Литмир - Электронная Библиотека
A
A

Дети ведут себя агрессивно по самым разным причинам. Иногда я предлагаю посетить психиатра и/или невролога, поскольку психологическая помощь кажется недостаточной. После первой встречи с Петей необходимости прибегать к консультации врачей не возникло.

На второй встрече мальчик нашел в кабинете пластмассового игрушечного Чиполлино – необыкновенно прочную игрушку советского времени, которая вместе с тем могла разбираться на три части. Яростно и настойчиво он кидал ее в стену кабинета. Поднимал и бросал, поднимал и бросал – до тех пор, пока у Чиполлино последовательно не отваливался пучок зелени с головы, а потом и сама голова.

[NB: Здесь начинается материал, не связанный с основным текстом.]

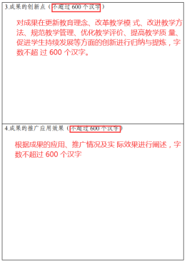 其次,在填写推荐书第一大部分的成果简介时,成果曾获奖励情况是各级政府或教育行政部门设立的教学奖励,高职类成果包括学校设立的教学奖励,经登记常设的社会力量设立的教学奖励,但不包括商业性的奖励。
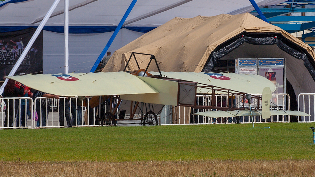 Una de las dos réplicas del Blériot XI que posee el Museo Nacional Aeronáutico y del Espacio se expuso estáticamente (foto: Carlos Ay).

С лица ребенка стекал пот, ему было очень нужно расправляться с игрушкой.

Если бы помещение, где я тогда работала, находилось в медицинском или образовательном учреждении, возможно, пришлось бы вводить ограничение. Соседям, работающим через стенку, подобный уровень шума мог бы здорово мешать. И тогда я искала бы альтернативу действиям Пети – возможность использовать матерчатую игрушку, к примеру. Но ситуация благоволила: кабинет располагался в подвале, его интерьер вполне позволял швырять пластмассовую игрушку в стену. А соседей попросту не было.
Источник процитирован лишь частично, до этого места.